Set down a true copy of the data, with all pictures left out.

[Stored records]
- - - - - - -

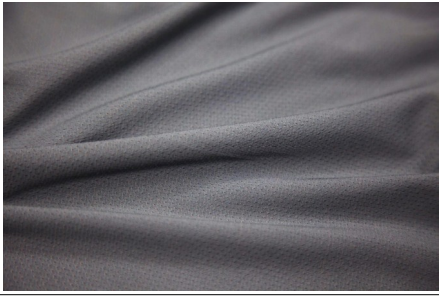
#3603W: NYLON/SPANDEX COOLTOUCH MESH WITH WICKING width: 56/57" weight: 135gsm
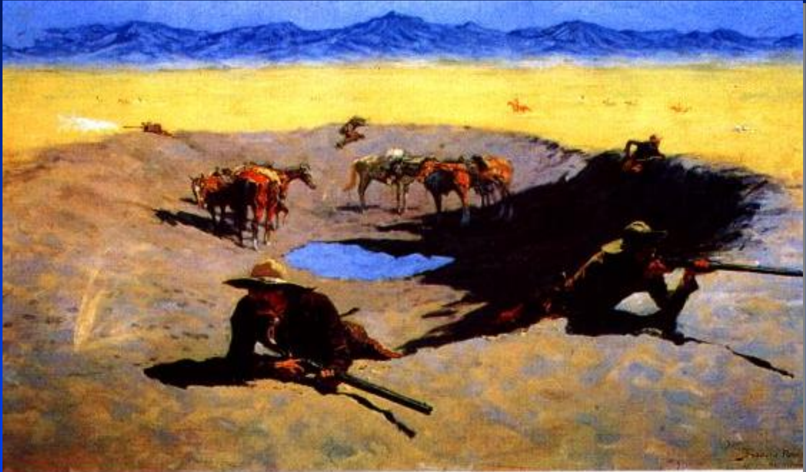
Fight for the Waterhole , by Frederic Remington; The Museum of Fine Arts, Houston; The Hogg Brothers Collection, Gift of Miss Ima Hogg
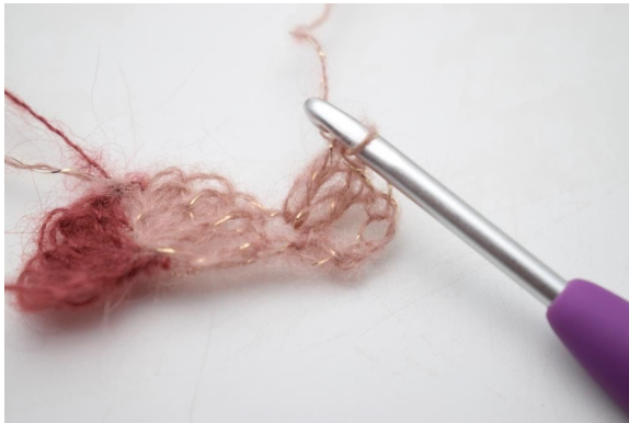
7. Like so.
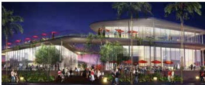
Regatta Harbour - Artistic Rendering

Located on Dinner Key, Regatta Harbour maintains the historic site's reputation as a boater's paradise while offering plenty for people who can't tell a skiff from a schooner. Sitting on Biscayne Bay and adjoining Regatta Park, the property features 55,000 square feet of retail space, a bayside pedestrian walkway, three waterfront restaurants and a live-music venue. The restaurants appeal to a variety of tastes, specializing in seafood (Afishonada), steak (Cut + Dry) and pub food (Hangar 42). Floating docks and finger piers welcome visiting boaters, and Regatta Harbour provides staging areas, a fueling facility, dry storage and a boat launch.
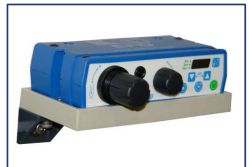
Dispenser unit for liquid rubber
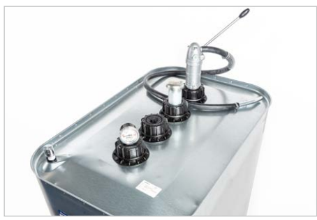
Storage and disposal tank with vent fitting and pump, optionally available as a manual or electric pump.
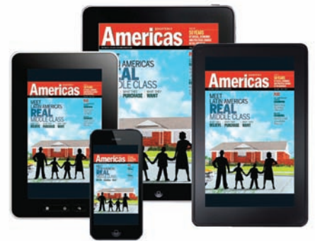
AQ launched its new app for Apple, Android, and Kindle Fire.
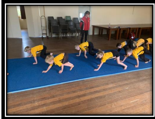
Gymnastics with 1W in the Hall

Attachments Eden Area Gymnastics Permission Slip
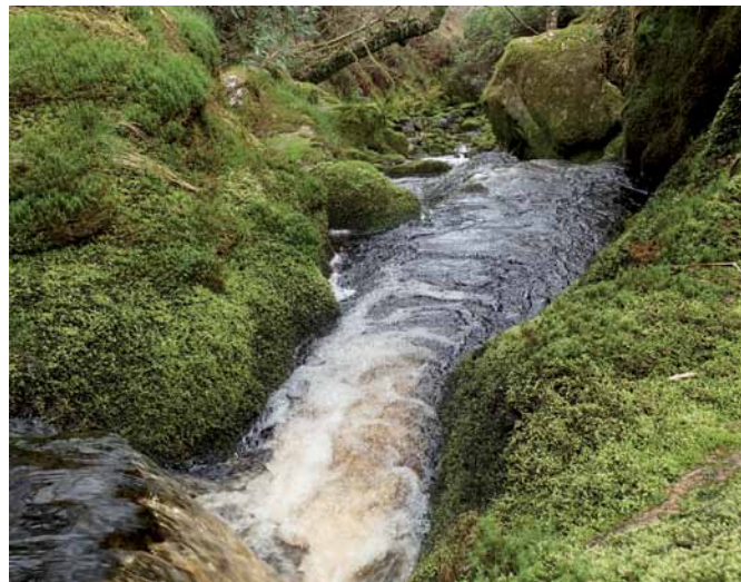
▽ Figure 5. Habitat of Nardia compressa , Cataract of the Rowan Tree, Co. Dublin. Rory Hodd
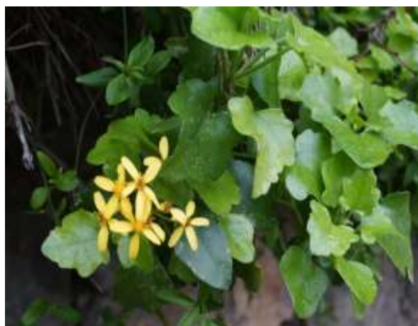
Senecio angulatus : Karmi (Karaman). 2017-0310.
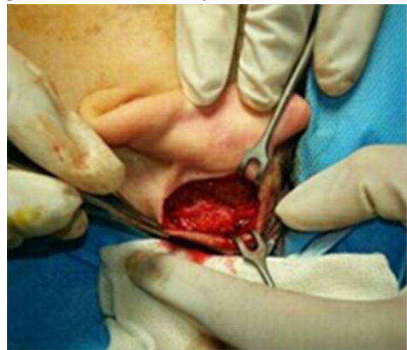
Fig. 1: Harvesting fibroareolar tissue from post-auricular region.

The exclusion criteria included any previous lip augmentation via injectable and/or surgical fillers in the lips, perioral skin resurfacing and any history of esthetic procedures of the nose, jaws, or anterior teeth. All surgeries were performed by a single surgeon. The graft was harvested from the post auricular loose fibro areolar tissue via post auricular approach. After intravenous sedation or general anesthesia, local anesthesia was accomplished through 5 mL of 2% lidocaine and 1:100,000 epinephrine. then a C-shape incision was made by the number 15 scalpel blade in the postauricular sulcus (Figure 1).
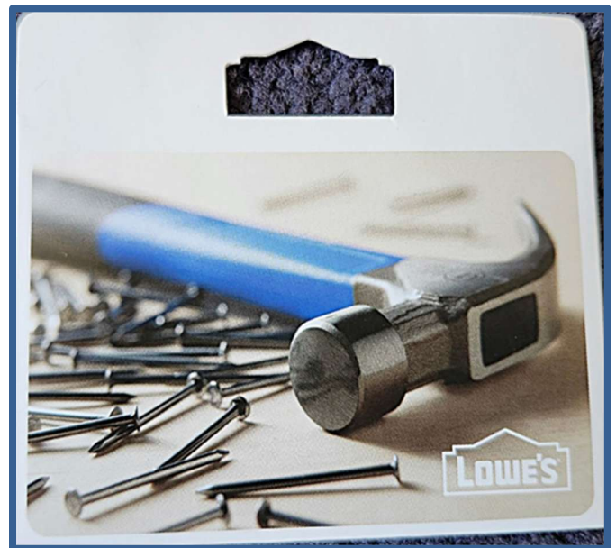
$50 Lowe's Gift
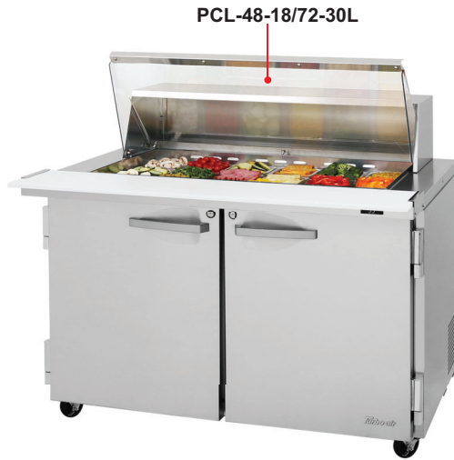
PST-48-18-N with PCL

- - - - - - -

[Written reply]
#3603W: NYLON/SPANDEX COOLTOUCH MESH WITH WICKING width: 56/57" weight: 135gsm
Fight for the Waterhole , by Frederic Remington; The Museum of Fine Arts, Houston; The Hogg Brothers Collection, Gift of Miss Ima Hogg
7. Like so.
Regatta Harbour - Artistic Rendering

Located on Dinner Key, Regatta Harbour maintains the historic site's reputation as a boater's paradise while offering plenty for people who can't tell a skiff from a schooner. Sitting on Biscayne Bay and adjoining Regatta Park, the property features 55,000 square feet of retail space, a bayside pedestrian walkway, three waterfront restaurants and a live-music venue. The restaurants appeal to a variety of tastes, specializing in seafood (Afishonada), steak (Cut + Dry) and pub food (Hangar 42). Floating docks and finger piers welcome visiting boaters, and Regatta Harbour provides staging areas, a fueling facility, dry storage and a boat launch.
Dispenser unit for liquid rubber
Storage and disposal tank with vent fitting and pump, optionally available as a manual or electric pump.
AQ launched its new app for Apple, Android, and Kindle Fire.
Gymnastics with 1W in the Hall

Attachments Eden Area Gymnastics Permission Slip
▽ Figure 5. Habitat of Nardia compressa , Cataract of the Rowan Tree, Co. Dublin. Rory Hodd
Senecio angulatus : Karmi (Karaman). 2017-0310.
Fig. 1: Harvesting fibroareolar tissue from post-auricular region.

The exclusion criteria included any previous lip augmentation via injectable and/or surgical fillers in the lips, perioral skin resurfacing and any history of esthetic procedures of the nose, jaws, or anterior teeth. All surgeries were performed by a single surgeon. The graft was harvested from the post auricular loose fibro areolar tissue via post auricular approach. After intravenous sedation or general anesthesia, local anesthesia was accomplished through 5 mL of 2% lidocaine and 1:100,000 epinephrine. then a C-shape incision was made by the number 15 scalpel blade in the postauricular sulcus (Figure 1).
$50 Lowe's Gift
PST-48-18-N with PCL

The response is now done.